1. 15
  1.  

  2. 1

    A colleague was asking me about fuzzing, perhaps I should send this to them along with the first part.

    Apropos: is there a good discussion of the differences between fuzzing and Property-Based Testing?

    1. 1

      I don’t think I’ve seen one, but in lieu of something more rigorous, here’s my take. It’s a bit of a fuzzy boundary, but property testing usually:

      • Allows building constrained, but richly typed values (maybe via a newtype)
      • Allows shrinking found examples
      • focusses on the relationionship between input and output (even if it’s it “it acts like this simplified model”)
      • Usually starts with random values from a distribution

      Wheras fuzzing:

      • Usually generates plain bytes
      • Doesn’t usually offer shrinking (but I’d be very happy to be wrong about that)
      • Is usually focussed on finding crashes of some kind
      • Sometimes starts from a set of known examples (eg: a jpeg file for an image loader).
      1. 2

        Doesn’t usually offer shrinking (but I’d be very happy to be wrong about that)

        Assuming this is the same thing I think libFuzzer does try to do that:

        -reduce_inputs Try to reduce the size of inputs while preserving their full feature sets; defaults to 1.

        https://www.llvm.org/docs/LibFuzzer.html

        1. 2

          The above maches my experience: usually that’s how the two setups look like.

          But I want to argue that these are accidental differences – property-based testing and fuzzing is the same technique, if implemented properly.

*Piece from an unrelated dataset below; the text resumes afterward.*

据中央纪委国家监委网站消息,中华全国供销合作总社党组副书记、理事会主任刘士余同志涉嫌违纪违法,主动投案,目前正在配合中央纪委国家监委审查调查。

Specifically, it is possible (and rather easy) to get all of:

          • coverage guided program exploration
          • by a state-of-the-art fuzzing engines (AFL or libfuzzer)
          • using highly structured data as an input (eg, the set of WASM programs which pass validation)
          • with support for shrinking

          The trick is to take raw bytes from fuzzer and use it as a finite PRNG you feed into property-style well-typed generator. This automatically gives you shrinking – by minimizing input raw bytes, you minimize the output well-typed struct.

          I don’t know of a good article describing this perspective abstractly. https://fitzgeraldnick.com/2020/08/24/writing-a-test-case-generator.html is a great concrete implementation.

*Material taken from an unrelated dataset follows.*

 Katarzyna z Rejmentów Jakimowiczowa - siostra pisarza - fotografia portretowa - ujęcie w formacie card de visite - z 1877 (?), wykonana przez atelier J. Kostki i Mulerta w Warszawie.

          And I think the core idea of formulating property-based testing as generated structured outputs from unstructered inputs, getting universal shrinking for free was popularized (and probably invented?) by Python’s hypothesis: https://hypothesis.works/articles/compositional-shrinking/

          1. 1

            But I want to argue that these are accidental differences

            That’s fair. It’s pretty nebulous, really. I feel like the main difference is the perspective, or goals, rather than anything concrete.